◆ Assignment ◆
What you return should match the listing exactly, minus its images.

◆ Provided material ◆
□ □ □ □ □
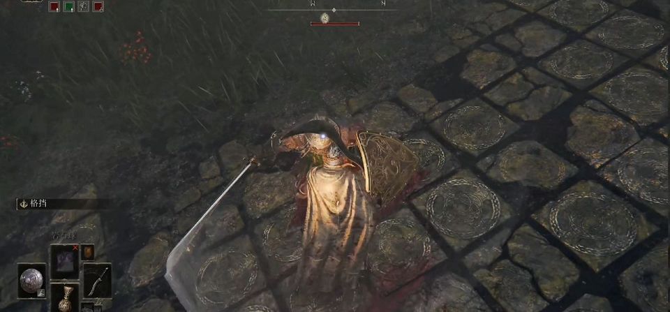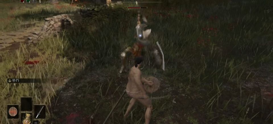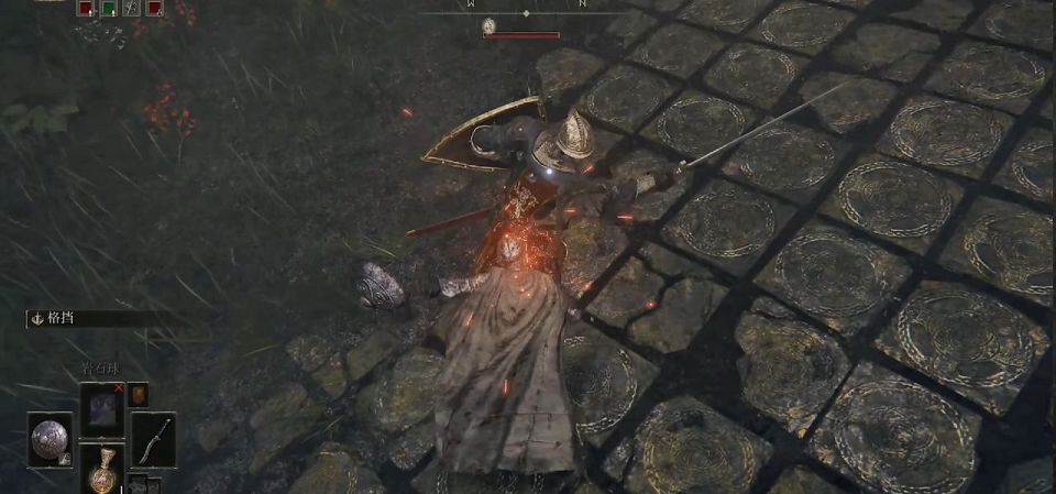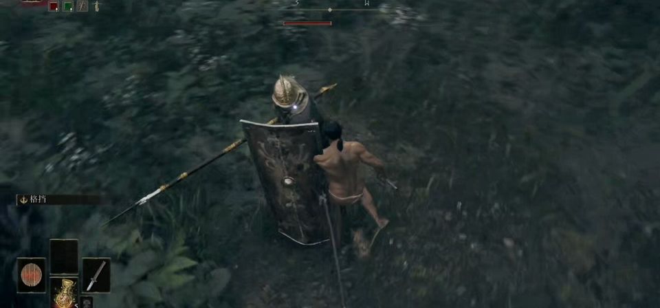 想要触发弹反操作的话,必须左手持盾,右手持剑,当我们按下鼠标右键的时候就可以将盾举起来,接下来按一下shift它是有一个可以弹反打开敌人攻击的动作,如果这个动作正好接到敌人攻击的那一瞬间,就算触发了一个完美的弹反操作。大家在初始练习的时候可以来到关卡前方找小兵练习,这边是以一直按下shift键,等到敌方攻击的时候,按下鼠标右键。
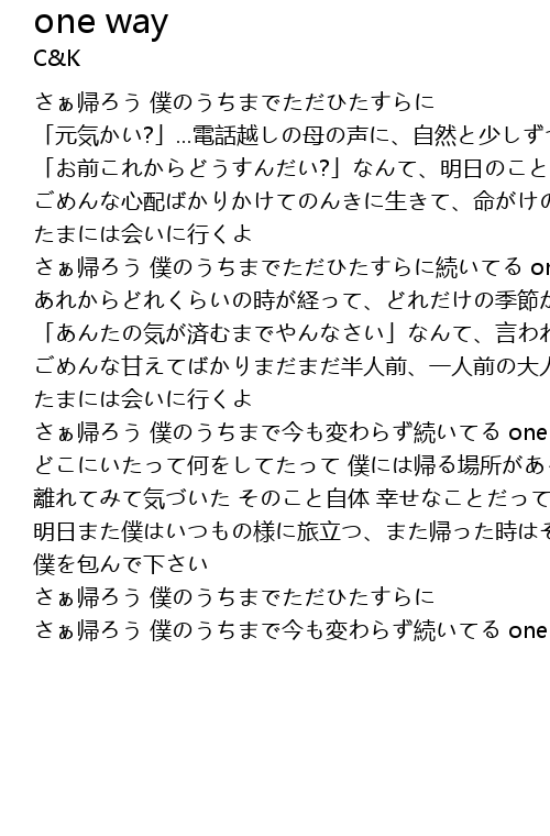 | さぁ帰ろう 僕のうちまで今も変わらず続いてる one way |
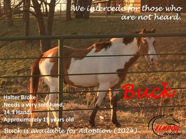 Buck is a gelded "bay dun frame-overo pinto with splash." He's unique. He came to us on September 18, 2016 with Missy, from Trinity Circle Horses Healing Hearts in Neosho, Missouri, in order for that rescue to make room for another animal in need. He was estimated to be 8 years old. He was moved to the Galena facility in March 2017 and then moved again with the others to Elkdog medicine Ranch in 2017 when it was first purchased. He believes himself to still be a stallion and acts accordingly around mares in season. He is still able to cover a mare successfully so we keep him separated from the main herd because of this. All the ladies love him. This behavior does not extend to his interactions with people. He seeks attention, is easy to catch and halter, and will follow you around the pasture out of curiosity. He accepts a saddle but doesn't appear to have a forward gear. Needs a refresher and lots of work before riding.
□ □ □ □ □
◆ Written response ◆
 想要触发弹反操作的话,必须左手持盾,右手持剑,当我们按下鼠标右键的时候就可以将盾举起来,接下来按一下shift它是有一个可以弹反打开敌人攻击的动作,如果这个动作正好接到敌人攻击的那一瞬间,就算触发了一个完美的弹反操作。大家在初始练习的时候可以来到关卡前方找小兵练习,这边是以一直按下shift键,等到敌方攻击的时候,按下鼠标右键。
 | さぁ帰ろう 僕のうちまで今も変わらず続いてる one way |
 Buck is a gelded "bay dun frame-overo pinto with splash." He's unique. He came to us on September 18, 2016 with Missy, from Trinity Circle Horses Healing Hearts in Neosho, Missouri, in order for that rescue to make room for another animal in need. He was estimated to be 8 years old. He was moved to the Galena facility in March 2017 and then moved again with the others to Elkdog medicine Ranch in 2017 when it was first purchased. He believes himself to still be a stallion and acts accordingly around mares in season. He is still able to cover a mare successfully so we keep him separated from the main herd because of this. All the ladies love him. This behavior does not extend to his interactions with people. He seeks attention, is easy to catch and halter, and will follow you around the pasture out of curiosity. He accepts a saddle but doesn't appear to have a forward gear. Needs a refresher and lots of work before riding.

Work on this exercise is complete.